Jelang Idul Fitri 1447 H, PLN UID Jakarta Raya Perkuat Siaga Kelistrikan dan Layanan SPKLU

Jelang Idul Fitri 1447 H, PLN UID Jakarta Raya Perkuat Siaga Kelistrikan dan Layanan SPKLU
General Manager PLN UID Jakarta Raya, Moch. Andy Adchaminoerdin, turun langsung mengecek kondisi peralatan dan perlengkapan kelistrikan. Langkah ini menjadi bentuk komitmen PLN dalam menghadirkan pasokan listrik yang andal dan aman bagi seluruh pelanggan. Foto: PLN UID Jakarta Raya.

TVMU.TV - PT PLN (Persero) Unit Induk Distribusi (UID) Jakarta Raya menyiagakan 2.148 personel untuk menjaga keandalan pasokan listrik selama Ramadan dan Idulfitri 1447 Hijriah. Kesiapsiagaan tersebut ditandai dengan Apel Siaga Idulfitri yang digelar guna memastikan pasokan listrik tetap stabil sehingga masyarakat dapat menjalankan ibadah dan aktivitas dengan nyaman.

PLN menetapkan masa siaga kelistrikan Ramadan dan Idulfitri pada 14–28 Maret 2026. Selama periode tersebut, personel disebar untuk memantau sejumlah titik strategis di wilayah Jakarta Raya, mulai dari pusat perbelanjaan, kawasan pemerintahan dan pertahanan, hingga simpul transportasi seperti bandara, pelabuhan, stasiun kereta api, dan terminal bus.

Pengamanan khusus juga dilakukan di dua lokasi strategis nasional, yakni Masjid Istiqlal dan Istana Merdeka, serta 519 masjid yang menjadi pusat kegiatan ibadah selama Ramadan.

Dari sisi pasokan listrik, PLN memastikan kondisi sistem kelistrikan Jakarta dalam keadaan aman. Daya mampu pasok tercatat sebesar 10.997 megawatt (MW) dengan beban puncak 5.545 MW, sehingga tersedia cadangan daya sekitar 49,6 persen.

Untuk mendukung keandalan sistem, PLN menyiapkan berbagai peralatan pendukung, antara lain 3 unit genset, 61 unit Unit Gardu Bergerak (UGB), serta 58 unit Uninterruptible Power Supply (UPS). Selain itu, PLN juga membuka 17 posko siaga Idulfitri di unit layanan dan 6 posko mudik guna membantu kebutuhan masyarakat selama periode libur Lebaran.

General Manager PLN UID Jakarta Raya, Moch. Andy Adchaminoerdin menegaskan bahwa seluruh sumber daya perusahaan dikerahkan untuk menjaga pasokan listrik tetap andal selama Ramadan hingga Idulfitri.

“Kami menggerakkan seluruh petugas dan memperkuat pemantauan jaringan. Setiap unit memastikan listrik tetap andal di seluruh wilayah Jakarta Raya sepanjang Ramadan hingga Idulfitri,” ujar Moch. Andy Adchaminoerdin.

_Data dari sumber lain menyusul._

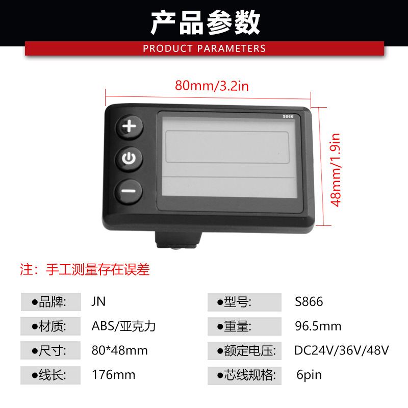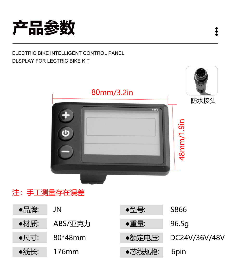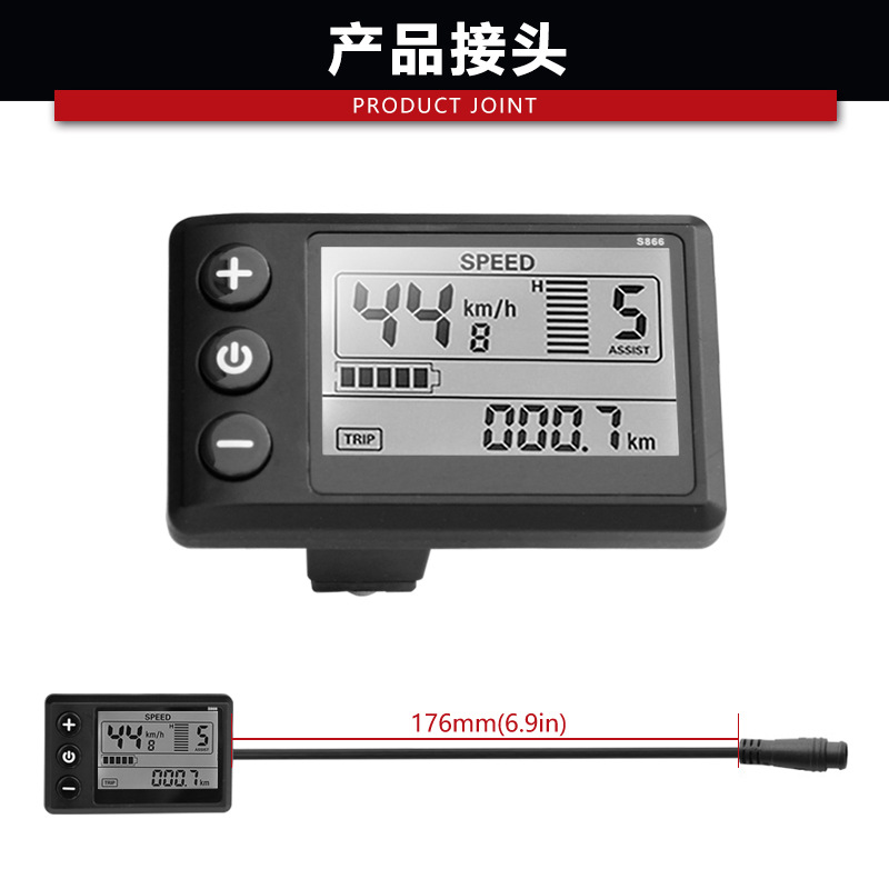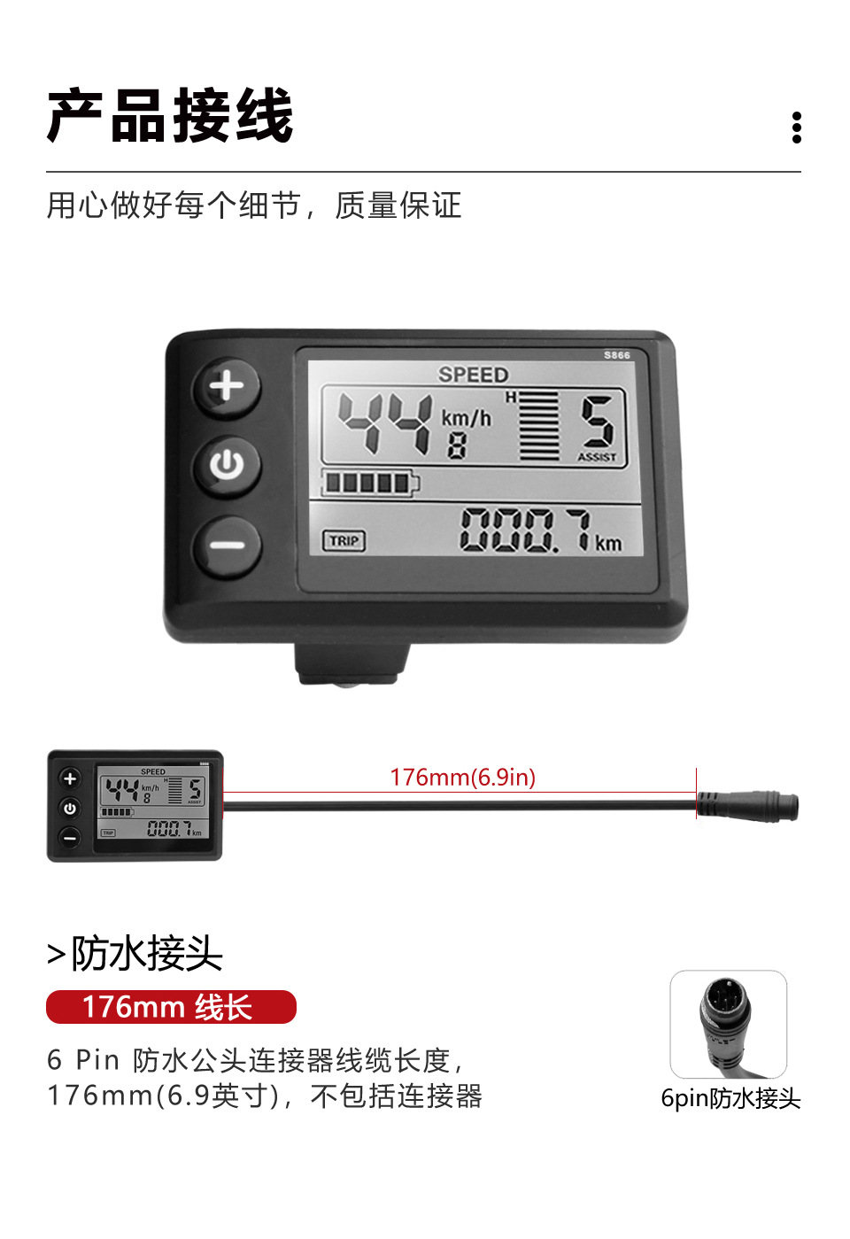 山地车助力改装配件电动滑板车液晶仪表 JN-LCDS866 6芯防水接头

Selain menjaga keandalan pasokan listrik, PLN juga memastikan kesiapan layanan Stasiun Pengisian Kendaraan Listrik Umum (SPKLU) bagi pengguna kendaraan listrik. Di wilayah Jabodetabek, tersedia 673 unit charger SPKLU dengan berbagai kapasitas.

Rinciannya terdiri dari 478 unit medium charging berkapasitas 22 kW, 70 unit fast charging berkapasitas 25–60 kW, serta 125 unit ultra fast charging dengan kapasitas di atas 60 kW.

Andy menegaskan, dukungan terhadap ekosistem kendaraan listrik menjadi bagian penting dari kesiapan PLN tahun ini.

“SPKLU kami pastikan dalam kondisi siap digunakan. Melalui PLN Mobile, pelanggan dapat menemukan lokasi SPKLU terdekat sehingga pengisian daya bisa dilakukan dengan mudah dan aman,” tutur Andy Adcha.

Pengamanan sistem kelistrikan juga dikendalikan melalui command center yang terintegrasi dengan sistem digital PLN untuk memastikan respons cepat jika terjadi gangguan. Selain itu, armada pelayanan teknis dan mobile substation disiagakan untuk mendukung penanganan kondisi darurat.

PLN juga tetap membuka layanan pelanggan selama 24 jam melalui aplikasi PLN Mobile dan call center 123, yang dapat digunakan masyarakat untuk melaporkan gangguan listrik, membeli token, mengecek tagihan, hingga mencari lokasi SPKLU terdekat.